On the other hand, I admit I still feel, from my perspective as a tourist who headed out across the entire planet to explore an individual who has inspired me since the summer of 1993, that the physical infrastructure to support, encourage and enhance the experience of visitors was lacking. I’m still left with the nagging feeling that a more formalised and professionalised presence from local government could only be of benefit. The work of individuals to commemorate and dignify the origins of, as I said, one of the most notable individuals in the history of modern music, are great to see…But a more visible hand would be welcomed whether that meant a downloadable walking guide/location guide available via the official Aberdeen website — where there are no mentions of Cobain but there are four leads to the Rotary Log Pavillion — a similar pamphlet easily found at local motels, a more regular local art/music event, or some local equivalent of the Blue Plaque scheme run by English Heritage (http://www.english-heritage.org.uk/discover/blue-plaques/). There are readily available forums through which news of Aberdeen and Cobain related events would be merrily received (LiveNirvana, the Internet Nirvana Fan Club and Nirvana Italia being the top three — oh, and here too! Plus the vast presence on social media dedicated to Cobain) allowing the targeting of information to a very specific audience with a very specific interest — most salespeople would kill for such a clear-cut market.

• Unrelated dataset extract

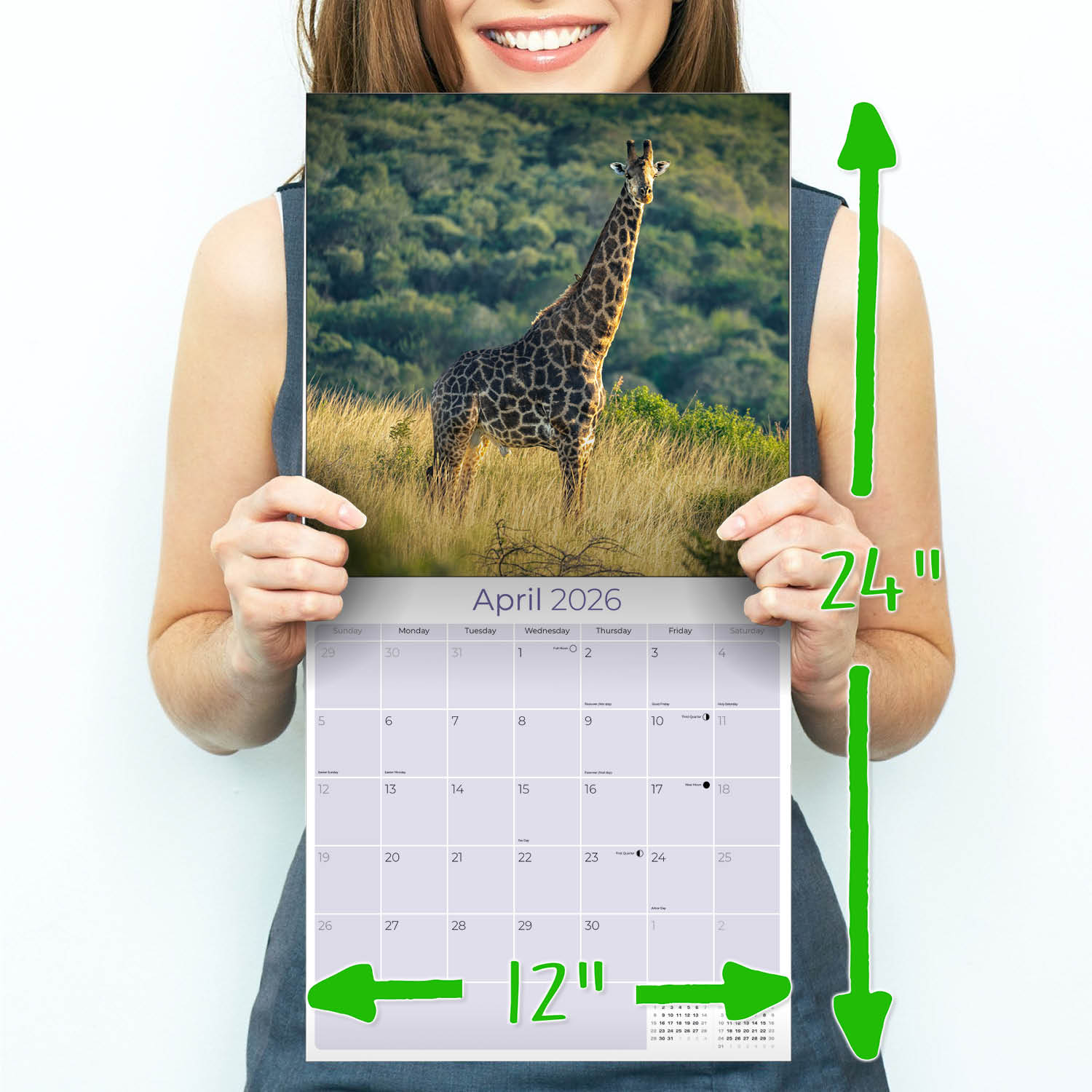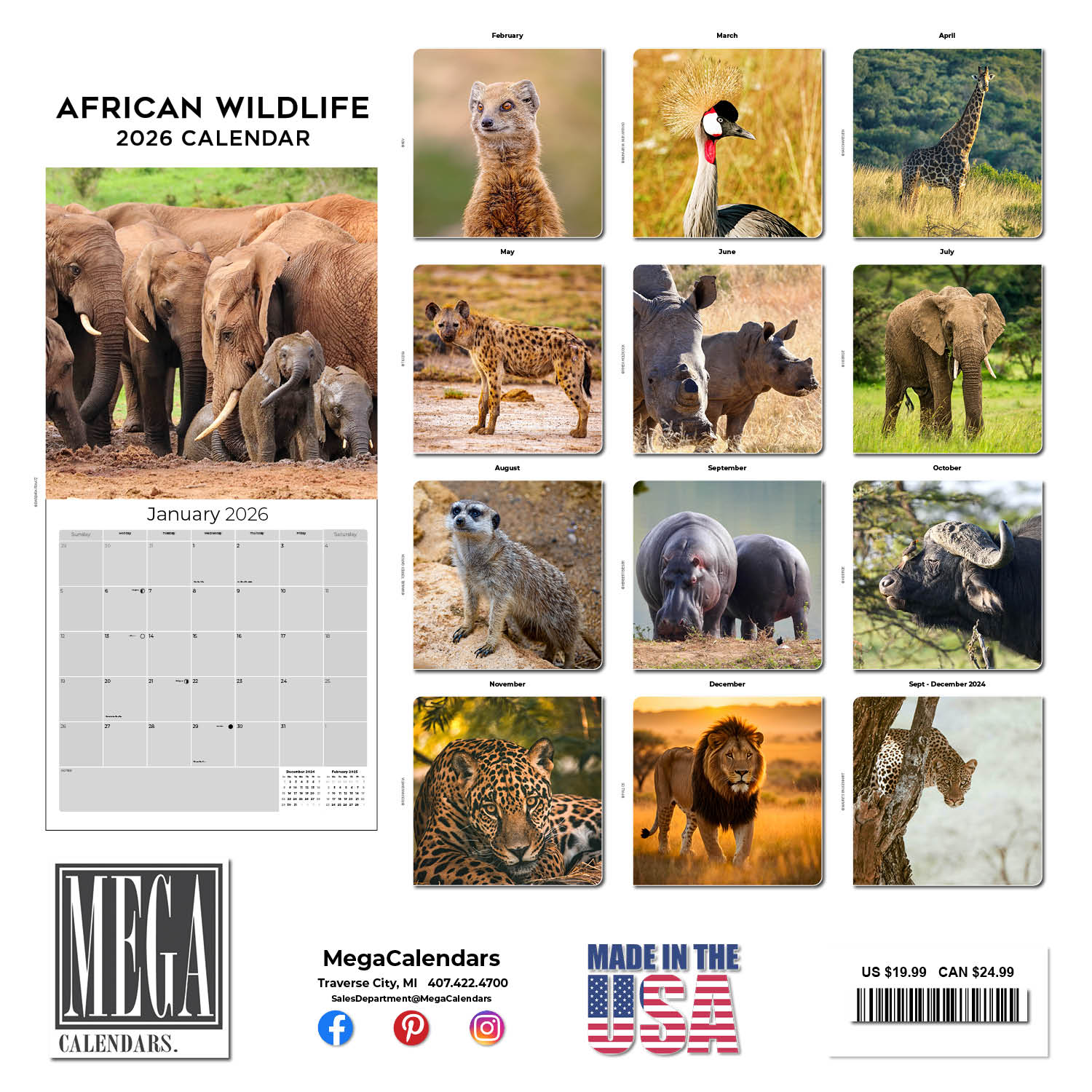 The savannahs, jungles and waterways of Africa provide the backdrops for the African Wildlife Calendar 2026. This calendar features each animal in vivid color photography and large 12 x 12 format. Each month has spacious daily grids to record your appointments and occasions. The wide variety of African animals featured on this calendar will complement your home or office decor.

In the city of Liverpool, a city of over half a million people, they took so readily to the legacy of their heroin-addicted and often bonkers musical son, John Lennon, that the local airport is named for him (http://weburbanist.com/2012/12/09/imagine-nations-15-peaceful-john-lennon-memorials/) . Elvis, the drug-addled and often bonkers monument to over-indulgence, has 600,000 visitors a year to Graceland located on Elvis Presley Boulevard in Tennessee. The ‘Come as You Are’ slogan is a genuine honour, and a fine one, but it’s tricky to visit a slogan or to share in it or experience it as a visitor. I genuinely enjoyed my visit to Aberdeen, but as well as the pleasures it did also leave me with a few disquietening moments — I just hope the piece today has given people a more balanced and extensive vision of what exists in Aberdeen for the dedicated Nirvana fan and a genuine reason to make it a place of pilgrimage. I hope to see the well-evidenced and rising appreciation of Kurt Cobain in Aberdeen continues to grow and build with the muscle of a more formalised and less ad-hoc government effort behind it. I feel it’s fair to say it’s a work in progress with much distance covered and a broad, beautiful and open horizon to be reached.